Born in Graz, Austria, Kogelnik grew up in the southern town of Bleiburg, making her way to the Academy of Applied Arts and then the Academy of Fine Arts in Vienna, where she studied graphic art, painting, and sculpture from 1954 to 1958. In the late 1950s, she painted in the gestural abstract style favored by many European artists of the period. By 1962 she had moved to New York, energized by the thriving artistic community. In an era shaped by the Space Race and the Cold War, Kogelnik became fascinated with the uncertainties and possibilities of a technology-driven future.

At the end of 1963 and in early 1964, Kogelnik began to paint a series of six large-scale works with vibrant floating discs and cut-out figures against backgrounds of metallic ovoids. Night, a colorful composition divided horizontally into earth and sky, is believed to be the final work of this group. The painting has been interpreted as showing two figures, gender-coded with pink and blue heads and bone-shaped torsos. Both figures extend one leg toward outer space, while the pink figure also has one foot on the ground.

In the late 1960s Kogelnik began to experiment with new materials, such as plastics, and engaged in performances, all while continuing to present the human subject in gravity-defying compositions and vibrant universes. By the 1970s her work was focused on the representation of women and the liberated female figure. Her “Hanging” series—vinyl silhouettes draped over clothes hangers—is a sculptural extension of her painted cut-out figures of the 1960s. Kogelnik would use vinyl as a material until the late 1980s. In the 1990s Kogelnik focused particularly on the head in new materials, including ceramic and glass, often reflecting the new wave culture that sprang up around her studio on the edge of the East Village.

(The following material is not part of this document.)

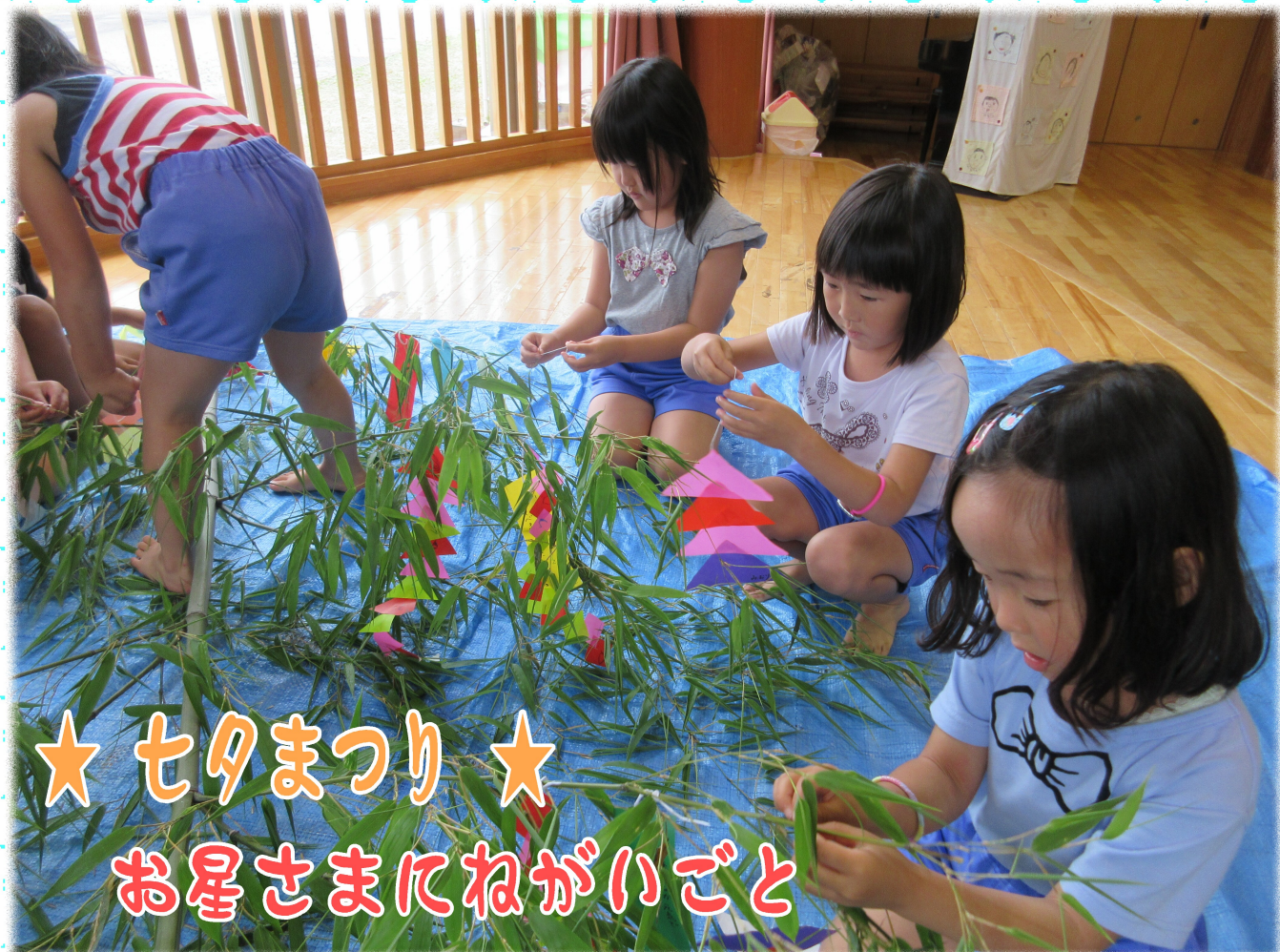
★七夕まつり★ お星さまにねがいごと

Kogelnik died in 1997 in Vienna. She is one of Austria’s most revered modern artists and continues to receive overdue recognition internationally for her contributions to modern art. Recent solo shows include Kiki Kogelnik: Now Is the Time (Kunstforum Wien, Austria, 2023); Kiki Kogelnik—Les cyborgs ne sont pas respectueuses (Musée des beaux-arts de La Chaux-de-Fonds, Switzerland, 2020); Kiki Kogelnik: Inner Life (Kunsthall Stavanger, Norway, 2017); Kiki Kogelnik: Fly Me to the Moon (Modern Art Oxford, United Kingdom, 2015); and I Have Seen the Future (Kunstverein in Hamburg, Germany, 2012).

17th-Century Nautilus Cup

In the 16th and 17th centuries, nautilus cups were among the most treasured objects in chambers of art and wonders (Kunstkammern in German)—collections of natural marvels and skillfully crafted artworks that became popular with princely collectors in Europe. The National Gallery of Art has acquired its first nautilus cup (c. 1650, etching; c. 1670, mount), an extraordinary object that may have been made for a member of the Swedish royal family.

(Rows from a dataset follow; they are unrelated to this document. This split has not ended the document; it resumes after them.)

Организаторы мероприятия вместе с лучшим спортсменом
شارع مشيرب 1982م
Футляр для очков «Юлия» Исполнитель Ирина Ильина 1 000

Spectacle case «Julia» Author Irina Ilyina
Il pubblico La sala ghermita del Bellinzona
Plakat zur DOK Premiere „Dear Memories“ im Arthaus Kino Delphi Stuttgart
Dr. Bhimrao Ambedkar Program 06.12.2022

The pinkish white shell, shaped like an oval bowl, is etched with an elaborate design that includes monstrous fish and fantastic birds amid vegetation. The decoration was likely made by a specialist working in Amsterdam around 1650. The shell then made its way to Sweden, where an unknown silversmith created the intricate mount featuring a siren gliding over the ocean. The cup appears to have been one of a pair commissioned during the late 17th century by a collector in Sweden—perhaps even the king. Both cups were recorded in the collection of King Carl XV in the 19th century.

Nautilus cups speak to the emerging globalism of the 17th-century economy: the shell comes from the oceans of the Indo-Pacific region and would have traveled to Europe on a Dutch trade ship.